Another aspect of the present invention is directed to a method for the treatment or prophylaxis of priapism in a male subject, said method comprising administering to said subject an effective amount of a prostaglandin or a functional derivative, homologue, analogue, agonist, mimetic, or metabolite thereof which induces, promotes, or otherwise facilitates contraction of corpora cavernosa muscle in the cavernosum, without a concomitant rise in systemic blood pressure, for a time and under conditions sufficient to lead to partial or complete penile flaccidity or to prevent or reduce the likelihood of an erection.

Reference herein to "prostaglandin" and in particular prostaglandin A2, A1, B1, and/or B2 includes reference to functional derivatives, homologues, analogues, agonists, mimetics, or metabolites thereof. Derivatives and analogues will include those involving substitution at the 9 and 11 positions in the ring structure and those including changes in the degree of side chain unsaturation. Metabolites include, for instance, 15-oxo PGA2, 13,14-dihydro PGA2, and 13,14-dihydro-15-oxo PGA2, and the corresponding metabolites of PGA1, PGB1, and PGB2. The term "functional" means that the molecule behaves in substantially the same therapeutic manner, inducing flaccidity without inducing any substantial change in blood pressure, as the "parent" prostaglandin, i.e., the prostaglandin prior to modification.

The prostaglandin or other compound useful in the practice of the present invention is usefully formulated in the form of a pharmaceutical composition. Accordingly, another aspect of the present invention provides a composition for pharmaceutical use comprising an agent which induces, promotes, or otherwise facilitates contraction of corpora cavernosa muscle in the cavernosum in penile tissue. These compositions further comprise one or more pharmaceutically acceptable carriers and/or diluents. The compositions of the present invention may comprise the prostaglandin alone or it may be in combination with other therapeutic agents.

As indicated above, the preferred agent is a prostaglandin such as prostaglandin A2, A1, B1, or B2. The most preferred agent is prostaglandin A2 or its functional derivative, homologue, analogue, agonist, mimetic, or metabolite.

A preferred dosage range for these agents in accordance with this invention is from 1 to 10, more preferably 0.5 to 2.5, micrograms per kilogram of patient body weight.

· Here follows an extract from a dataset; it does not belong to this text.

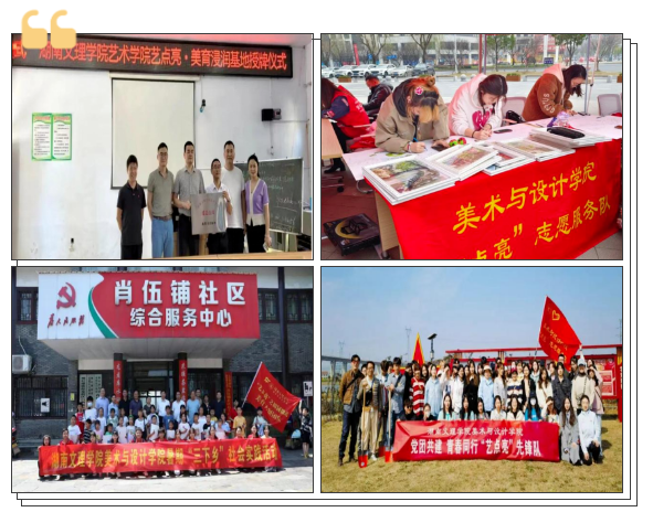 学院以党建为引领,打造“艺点亮”品牌,致力于用艺术服务乡村振兴和乡村中小学美育,通过点亮乡村、点亮心灵等服务活动,培养学生爱国力行的责任感和使命意识。

The composition of the present invention may be administered in any convenient manner such as, but not limited to, intravenous injection, intramuscular injection, intrarectal, intranasal, subcutaneous injection, transdermal, transurethral, intraperitoneal, or oral administration. Administration may also be via patch, intravenous drip, spray, or during surgery or other invasive procedure. The most effective administration is via injection into the corpus cavernosa. This is referred to as intracavernous drug delivery.

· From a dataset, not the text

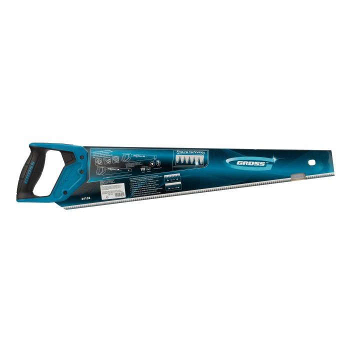 Ножовка по дереву Gross PIRANHA 24102 с полотном длиной 550 мм, калеными зубьями с 3D-заточкой и шагом 7-8 TPI, с 2-компонентной рукояткой, используется для распиливания древесины, МДФ, ДСП, ДВП, ламината, а также пенополистирола, полиуретана и других пластических материалов. Подходит для продольного и поперечного пиления. Зубья имеют универсальный шаг 7-8 TPI, поэтому ножовка подходит для решения широкого спектра задач. Трехгранная заточка зубьев обеспечивает максимальную производительность и высокое качество пиления. Ножовка предназначена для столярных и плотницких работ, пригодится во время ремонта и будет полезна в быту.ПреимуществаНадежность — полотно изготовлено из высококачественной японской стали SK-5, а рукоятка — из ударопрочного ABS-пластика.Эффективная работа — зубья, закаленные токами высокой частоты, долго держат заточку.Прочность — закалка зубьев на 2/3 высоты уменьшает вероятность их слома при обработке древесины твердых пород.Коррозионная стойкость — на полотно нанесено защитное полимерное покрытие.Комфорт во время работы — благодаря эргономичной форме и рифленой поверхности рукоятка удобно ложится в руку и не выскальзывает из ладони.Гарантированное качество — инструмент изготовлен на тайваньском заводе с соблюдением всех технологических требований.

The identification of prostaglandins as an effective treatment of priapism provides a means for identifying physiological causes for conditions such as impotence, hypersexuality, and priapism. For example, impotent males may produce excessive amounts of particular prostaglandins. Alternatively, reduced prostaglandin production or local levels may be indicated in priapism patients. The identification of levels of particular prostaglandins provides one level of diagnosis for penile dysfunction. Such methods of diagnosis are contemplated by the present invention.

Accordingly, another aspect of the present invention contemplates a method for diagnosing the physiological basis behind priapism in a male subject, said method comprising determining the level in said subject of prostaglandin A2, A1, B1, and/or B2 or derivatives and/or metabolites thereof, wherein low levels of one or more of said prostaglandin is indicative of a causative effect for priapism.

Yet another aspect of the present invention is directed to the use of a prostaglandin or a functional derivative, homologue, analogue, agonist, mimetic, or metabolite thereof in the treatment of priapism in a male subject.